APPROVAL OF THE APPELLATE DIVISION

SUPERIOR COURT OF NEW JERSEY

APPELLATE DIVISION

DOCKET NO. A-0051-05T50051-05T5

TRACY A. ROSE,

Plaintiff-Respondent,

v.

CYNTHIA A. ROSE,

Defendant-Appellant.

_________________________________________________

 

Submitted March 27, 2006 - Decided April 18, 2006

Before Judges Fall, C.S. Fisher and Yannotti.

On appeal from the Superior Court of New Jersey, Chancery Division, Family Part, Ocean County, Docket No. FM-15-883-93-W.

Kenneth J. Fortier, attorney for appellant.

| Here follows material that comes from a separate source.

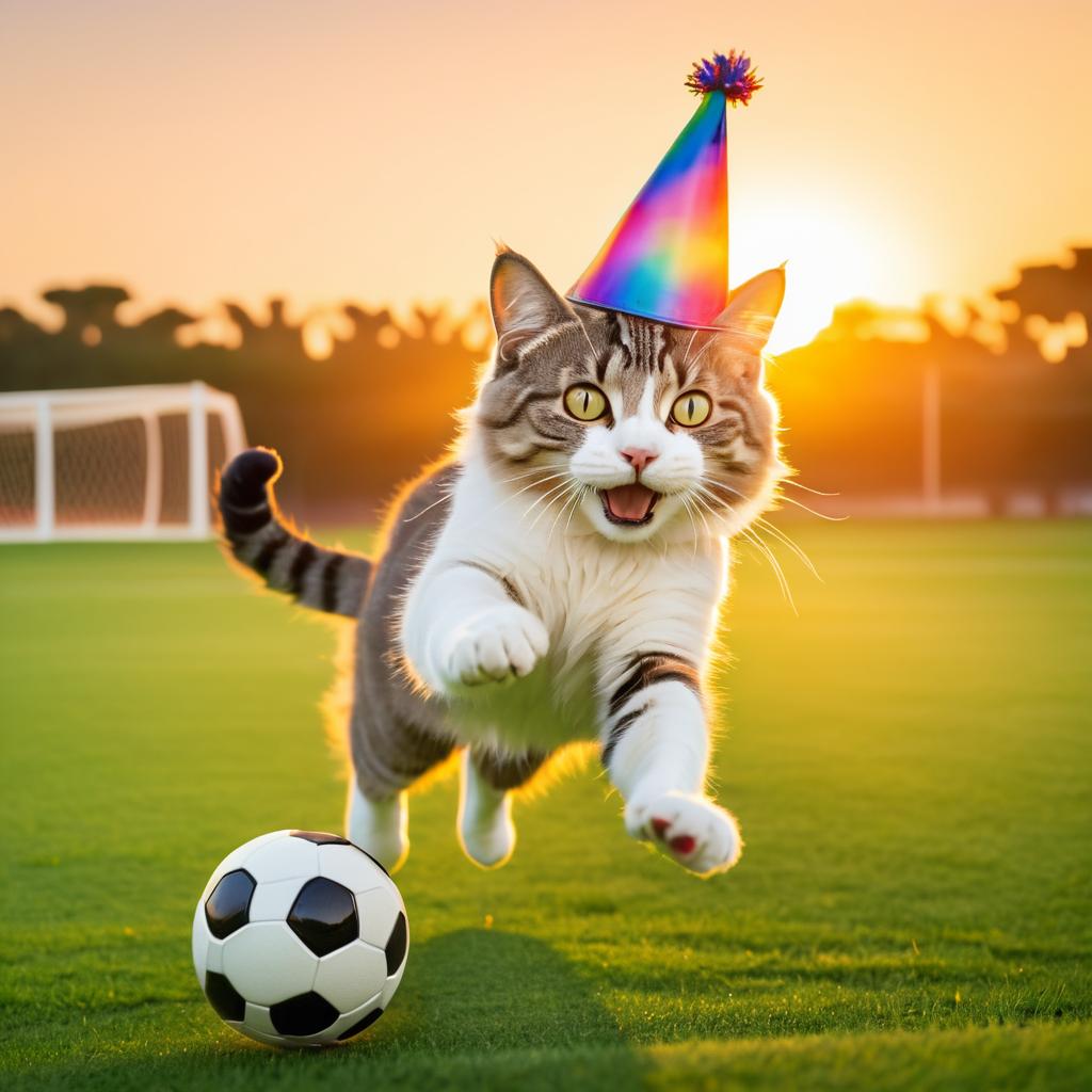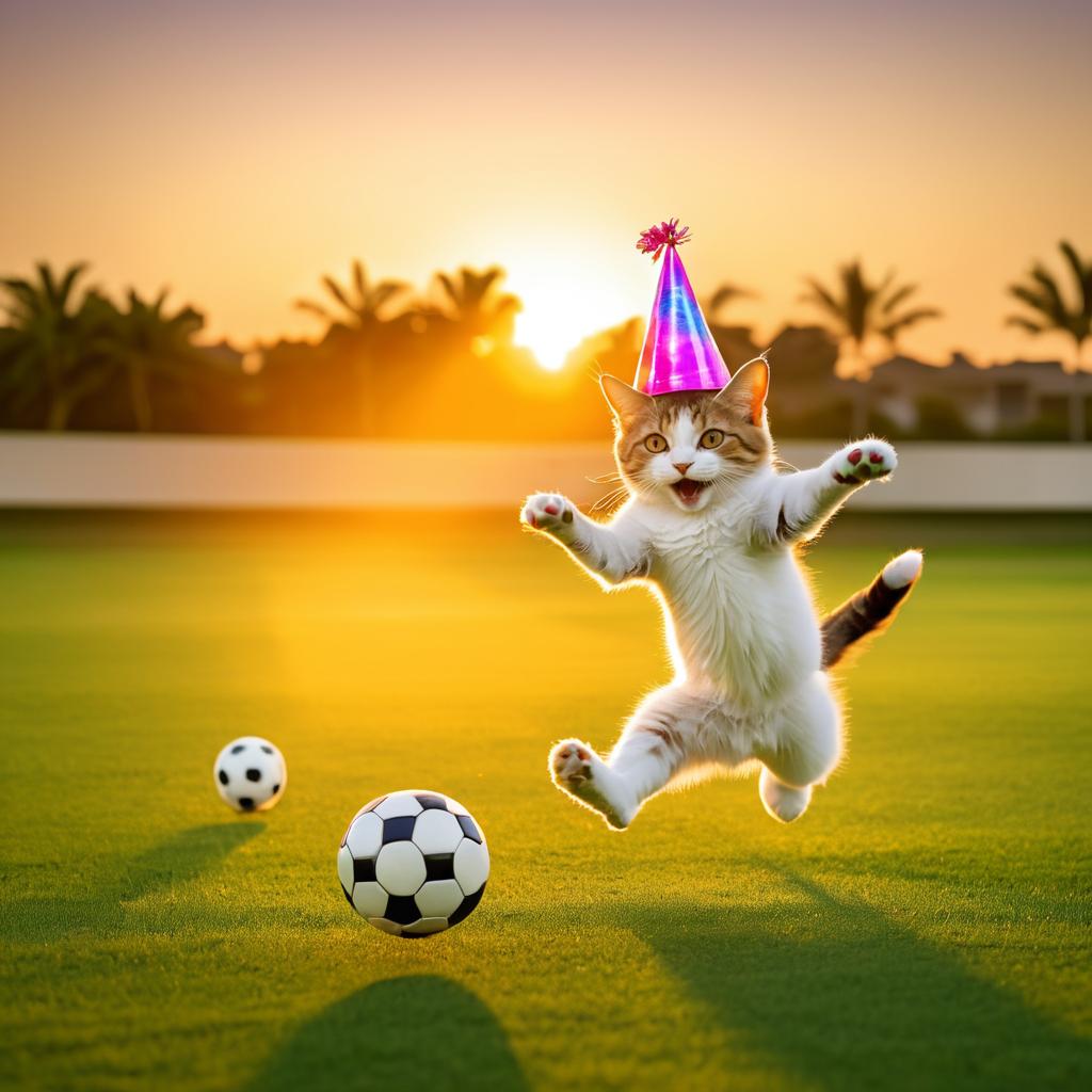 A cat wearing a party hat playing soccer at sunset. The scene captures a playful atmosphere with dynamic action.

LePore Luizzi, attorneys for respondent (Joseph G. LePore, of counsel and on the brief).

PER CURIAM

Defendant Cynthia Rose (wife) has appealed orders entered in post-judgment matrimonial proceedings that resulted in a reduction of the child support obligation of plaintiff Tracy A. Rose (husband). She argues that the judge should not have modified the child support obligation and certainly not without obtaining adequate financial information from the husband and, also, without exploring all relevant circumstances at a plenary hearing. Although the trial judge correctly found a changed circumstance which warranted a re-examination of the child support obligation, we reverse because the judge mistakenly failed to require the submission of the husband's current and past case information statements and other relevant information, and because the judge mistakenly failed to apply the factors contained in N.J.S.A. 2A:34-23(a).

I

The parties were married on July 23, 1983. Two children were born of the marriage -- Michael (on August 24, 1984) and Nicole (on June 5, 1988).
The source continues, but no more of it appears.